Sankai Juku brought traditional butoh dance to Hancher Auditorium in Utsushi

Butoh dance company Sankai Juku presented Utsushi, meaning ‘Between Two Mirrors,’ to Hancher Auditorium on Oct. 22.

Contributed

Contributed

Ashley Dawson, Arts Reporter

In the dimly lit auditorium, audience members filled the seats of the first level, leaving only a few spots open for Sankai Juku’s performance of Utsushi at Hancher.

Dancing a piece that combined many of their previous performances, Sankai Juku mesmerized the audience with stunning visuals in the style of butoh, a Japanese dance performed by males painted entirely white.

The dancer’s bodies contrasted dramatically against the black backdrop as the performance began. As quickly as the lights went down on the audience, four figures sprung to life on stage, seemingly out of thin air.

Related: Sankai Juku returns to Hancher after 20 years with ‘Utsushi’ performance

From the ceiling hung three scales, each bearing a heaping pile of dust. In the middle of the stage, an even larger pile.

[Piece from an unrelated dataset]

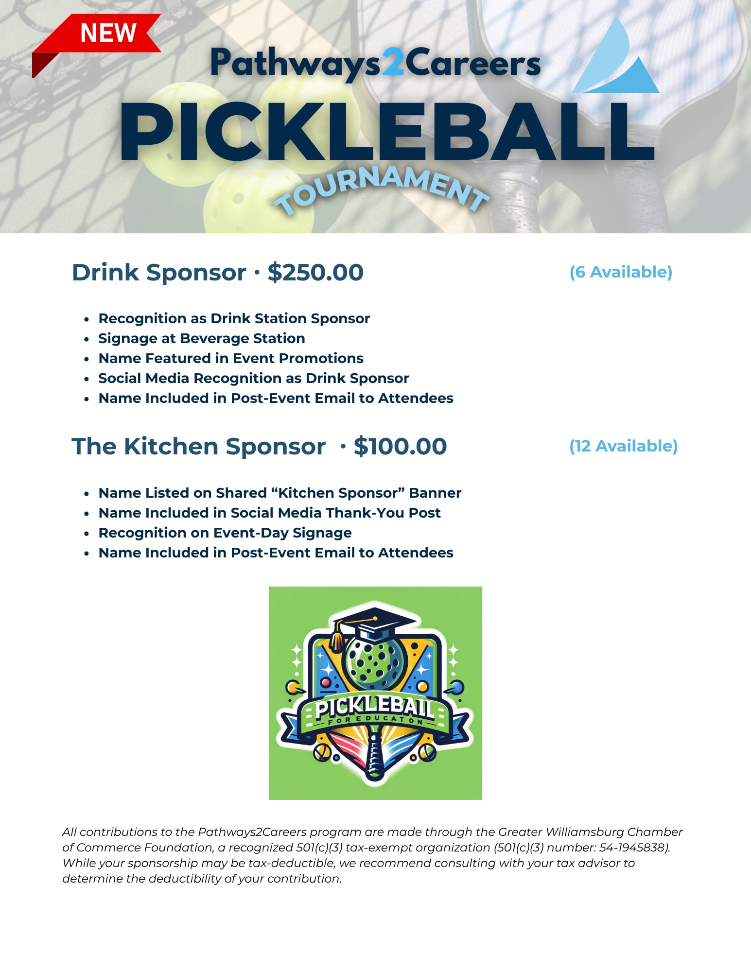 Every paddle swing helps expand the Pathways2Careers program and scholarship fund. This program provides invaluable connections and career support for 9th-12th grade students and recent graduates across Greater Williamsburg, offering financial assistance for their higher education journey. Play pickleball, invest in a future!

Music began playing while sounds of soft wind swept across the room. The four figures on stage began moving their hands slowly, blossoming like flowers from the ground.

As the music began to build, the movements of the figures grew larger and quicker, then slower, then smaller, then large, and so on.

They moved around the stage as if they were one body. Suddenly, they crowded in the middle, and flour flew from the ground into the air, filling the stage with a powdery breeze.

After a while, the four figures ran off the stage, leaving silence and empty space, before two new figures emerged from the back curtains. These performers began to mimic one another on each side of a rectangular patch of light, creating the illusion of a mirror.

After the two figures left, the room fell dark and quiet. Then, the four dancers returned, each donning black skirts, mangled with white, web-like drapings over the rest of their bodies. Discordant music began to play from the speakers. The music sounded like yelling and crying, and the dancers moved almost robotically.

As the dancers faced the back wall and shimmied their bodies like snakes, their hands trailed down their fronts, where they slowly untied their skirts and dropped them just low enough to show their bare bottoms to the audience, then continued to move from their hips.

This scene looked like something straight out of a nightmare. From the mask that looked like a brain, to the skirts that looked like leaking muscle tissue with slats of blood, it was definitely a creepy sight. Yet, it was somehow beautiful.

By the third segment, the pair of dancers and the quad of dancers had intermingled, so they were no longer with their original group. As they moved about, left and right, forward and back, the powder left on the floor was kicked into the air, returning to the ground like ashes from the sky.

The only sound in the room was the soft shuffling of each performer’s feet grazing across the stage. There was a distant thumping that kept growing as each performer made their way to one another.

They mirrored each other, mimicked one another from different angles, ran off and on the stage, and danced in a way that was so natural, it seemed almost random.

As the performance went on, the music changed pace. The dancers moved around; jumping, crawling, running, rolling.

Then, just as the performance began, it ended with the dancers hands moving like flowers blossoming, and the crowd stood, applauded, and cheered with a sense of confusion, yet full of delight from the wonderful journey presented onstage.